Developer diary 1

Because I created my heterocyst simulation a long time before I got a blog, I can't write about my progress in creating the simulation. However, I have collected some fragments of some emails I sent Guy while I was working on the program. Some of the analysis I write about, and include in later updates. I also found a brief history of the program at the top of the code. As you can see it took me quite a long time to get anywhere.

Jul 04  Got working with simpler reactions
Aug 04  Added enzyme kinetics and diffusion
Oct 04  Added protein degradation and transcription factors
Jan 05  Tidied enzyme and metabolite variables; added replication
Jan 05  Changed regulation system and added (im-/ex- portable) genetics
Feb 05  Integrated crossing program for evolution
Feb 05  Changed regulation to consensus system and separate inhibitors

July 2004

Wikipedia has no results for heterocysts. I'm tempted to write one later.

I did write one later; it's here. It remains one of the few articles that I've created from scratch.

20th January 2005

Those damn heterocysts kept me up until passed 4 the other morning. I can't remember why, but it probably had something to do with avoiding work, that I decided to look at my heterocyst program again and mess about with it. I managed to sort a few things out and of course thought of hundreds more things I should do...

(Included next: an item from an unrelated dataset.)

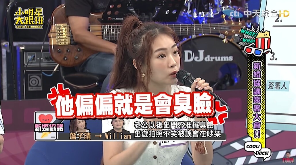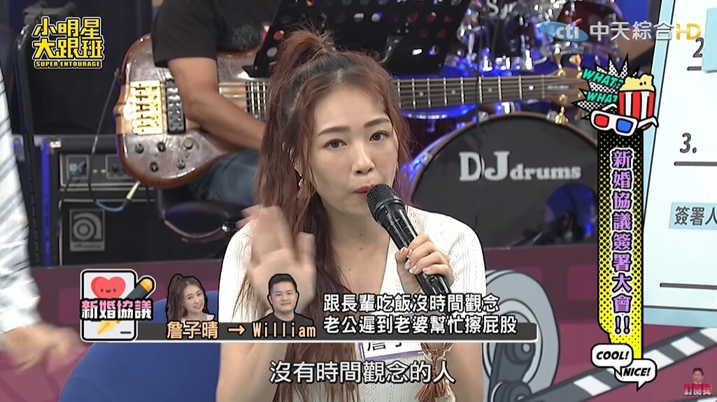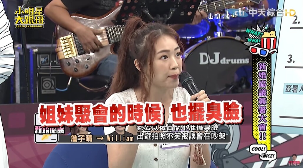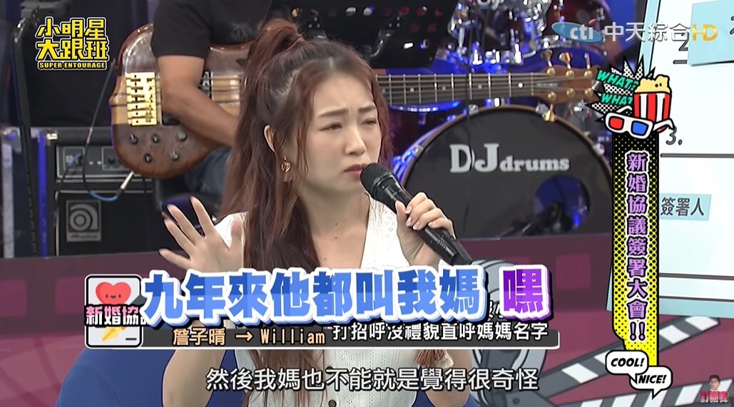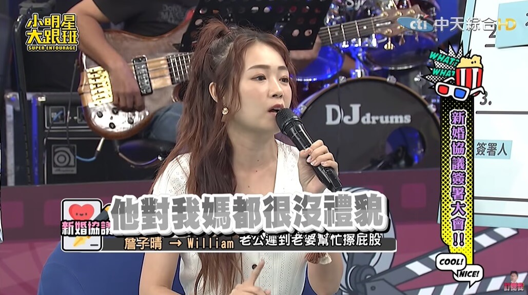 後來丫頭也接著指控老公說,「他是沒時間觀念的人,跟長輩吃飯還遲到,一到場就要趕快跟對方道歉,還被誤會說是因為我動作太慢的關係」,讓丫頭覺得很委屈,並加碼爆料,「他對我媽也很沒禮貌!」丫頭指出,可能老公在美國念書,所以比較洋派,看到我媽就舉手說「嘿~」來打招呼,讓丫頭媽也很納悶!

... just as I hope to evolve some heterocysts some day.

30th January 2005

I finally got my heterocysts to replicate and spontaneous form along the growing filament at regular intervals. It's mesmerising to watch them appear, which is why I've spent most of the day staring at a screen of numbers and coloured boxes with excitement. I've also managed to generalise lots of variable for the regulation system and so I've started a little evolution. Of the fifteen mutants of my original heterocyst, three performed ever so slightly more efficiently (grew faster), and loads performed terribly. I think it will take hours to get any really nice results, especially as you need quite a large population for any decent evolution. And loads of generations.

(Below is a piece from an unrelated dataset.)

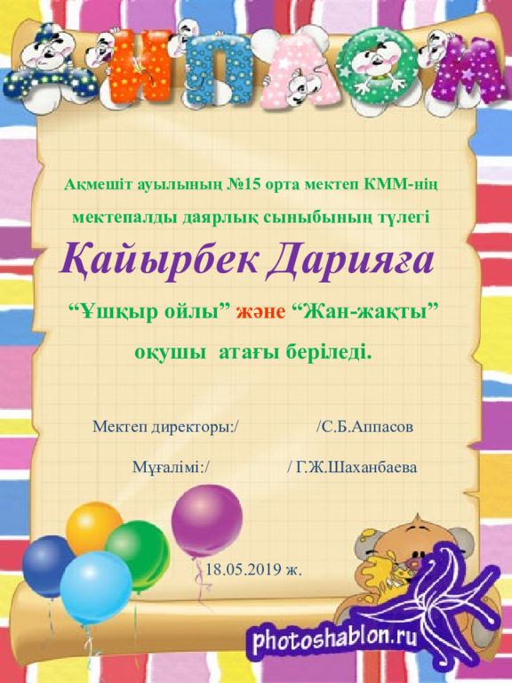 Ақмешіт ауылының №15 орта мектеп КММ-нің мектепалды даярлық сыныбының түлегі Қайырбек Дарияға “Ұшқыр ойлы” және “Жан-жақты” оқушы атағы беріледі. Мектеп директоры:/ /С.Б.Аппасов Мұғалімі:/ / Г.Ж.Шаханбаева 18.05.2019 ж.

It would be nice to start with no regulation system and try and evolve it, but that would take a long time.

7th Feburary 2005

My heterocyst evolution program is becoming more and more autonomous, so I can leave it evolving all day while I am at lectures. And they're doing well. It's amazing how fast they seem to improve. I wonder if they'll reach a limit some time soon.

8th Feburary 2005

I may email you stuff about heterocyst evolution that I have found. Last night, there was a great, super fast mutation, but after the program had been running for hours and I stopped the program to copy the data to Excel, I accidentally ran the program again, re-writing all the data. Man, I was annoyed. Fortunately, I have since got a mutation that I think is as fast, and if not another generation should do it. I suppose in all of evolution fit individuals have been unlucky (struck by lightening or whatever), so this just mimics that.